■ What the exercise asks
Drop the pictures and repeat the remaining data exactly.

■ The data
──────

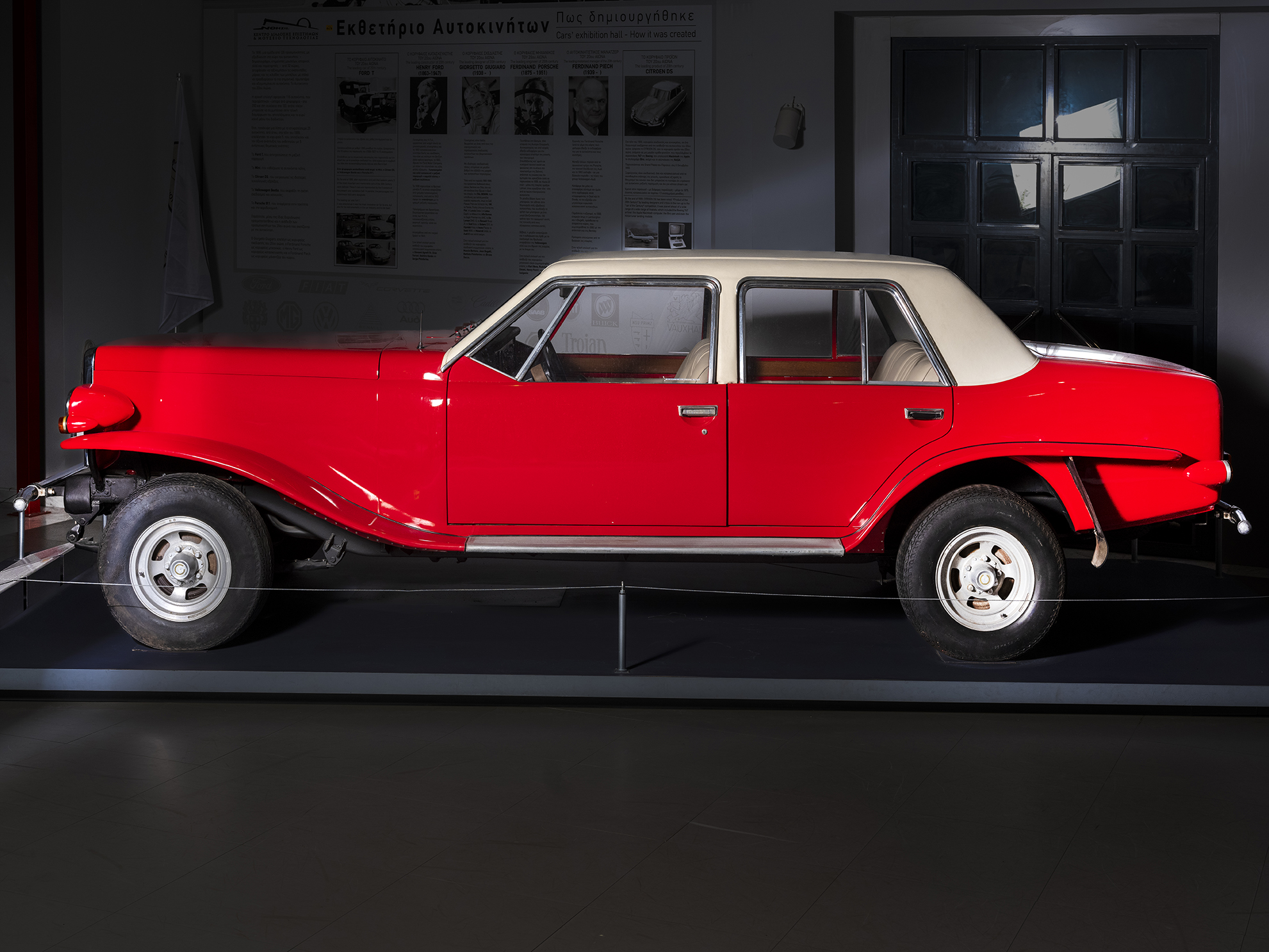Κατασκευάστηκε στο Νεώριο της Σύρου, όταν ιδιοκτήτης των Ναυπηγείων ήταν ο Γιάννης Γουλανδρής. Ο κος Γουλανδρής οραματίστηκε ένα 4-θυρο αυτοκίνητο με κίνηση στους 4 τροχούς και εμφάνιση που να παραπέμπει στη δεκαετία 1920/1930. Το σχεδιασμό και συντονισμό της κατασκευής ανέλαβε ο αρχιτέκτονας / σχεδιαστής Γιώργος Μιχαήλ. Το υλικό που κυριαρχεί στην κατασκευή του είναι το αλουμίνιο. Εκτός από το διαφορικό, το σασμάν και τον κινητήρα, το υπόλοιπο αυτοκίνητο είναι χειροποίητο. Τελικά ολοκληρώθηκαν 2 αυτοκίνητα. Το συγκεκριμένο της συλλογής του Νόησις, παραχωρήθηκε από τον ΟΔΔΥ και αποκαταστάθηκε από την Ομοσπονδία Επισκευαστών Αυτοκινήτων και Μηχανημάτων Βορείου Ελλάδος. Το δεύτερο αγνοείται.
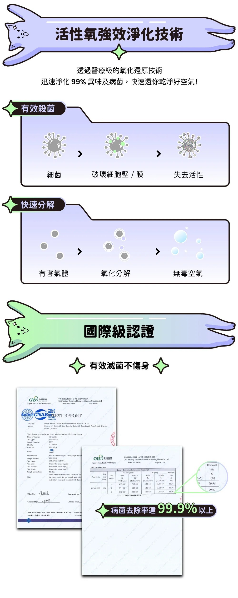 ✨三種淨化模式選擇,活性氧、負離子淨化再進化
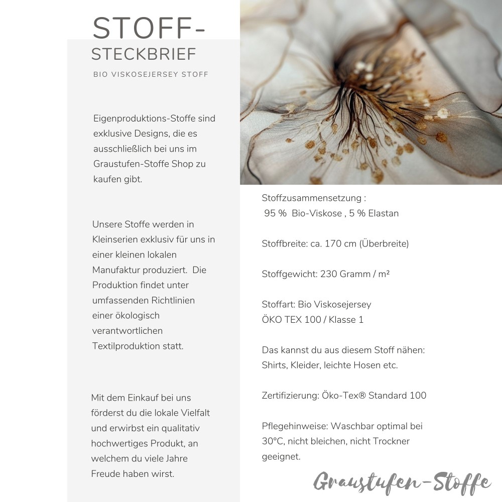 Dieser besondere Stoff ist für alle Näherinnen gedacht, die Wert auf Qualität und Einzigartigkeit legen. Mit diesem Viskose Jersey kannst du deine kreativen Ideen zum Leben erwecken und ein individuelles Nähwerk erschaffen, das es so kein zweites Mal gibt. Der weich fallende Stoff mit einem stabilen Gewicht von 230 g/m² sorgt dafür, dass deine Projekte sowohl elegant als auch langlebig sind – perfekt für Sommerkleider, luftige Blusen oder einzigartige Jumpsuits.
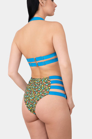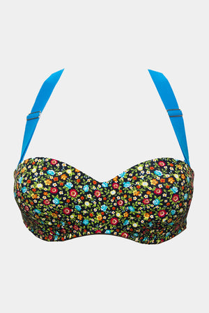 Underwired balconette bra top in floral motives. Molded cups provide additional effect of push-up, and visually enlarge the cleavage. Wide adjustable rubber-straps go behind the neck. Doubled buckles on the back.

──────

■ Response area
Κατασκευάστηκε στο Νεώριο της Σύρου, όταν ιδιοκτήτης των Ναυπηγείων ήταν ο Γιάννης Γουλανδρής. Ο κος Γουλανδρής οραματίστηκε ένα 4-θυρο αυτοκίνητο με κίνηση στους 4 τροχούς και εμφάνιση που να παραπέμπει στη δεκαετία 1920/1930. Το σχεδιασμό και συντονισμό της κατασκευής ανέλαβε ο αρχιτέκτονας / σχεδιαστής Γιώργος Μιχαήλ. Το υλικό που κυριαρχεί στην κατασκευή του είναι το αλουμίνιο. Εκτός από το διαφορικό, το σασμάν και τον κινητήρα, το υπόλοιπο αυτοκίνητο είναι χειροποίητο. Τελικά ολοκληρώθηκαν 2 αυτοκίνητα. Το συγκεκριμένο της συλλογής του Νόησις, παραχωρήθηκε από τον ΟΔΔΥ και αποκαταστάθηκε από την Ομοσπονδία Επισκευαστών Αυτοκινήτων και Μηχανημάτων Βορείου Ελλάδος. Το δεύτερο αγνοείται.
 ✨三種淨化模式選擇,活性氧、負離子淨化再進化
 Dieser besondere Stoff ist für alle Näherinnen gedacht, die Wert auf Qualität und Einzigartigkeit legen. Mit diesem Viskose Jersey kannst du deine kreativen Ideen zum Leben erwecken und ein individuelles Nähwerk erschaffen, das es so kein zweites Mal gibt. Der weich fallende Stoff mit einem stabilen Gewicht von 230 g/m² sorgt dafür, dass deine Projekte sowohl elegant als auch langlebig sind – perfekt für Sommerkleider, luftige Blusen oder einzigartige Jumpsuits.
 Underwired balconette bra top in floral motives. Molded cups provide additional effect of push-up, and visually enlarge the cleavage. Wide adjustable rubber-straps go behind the neck. Doubled buckles on the back.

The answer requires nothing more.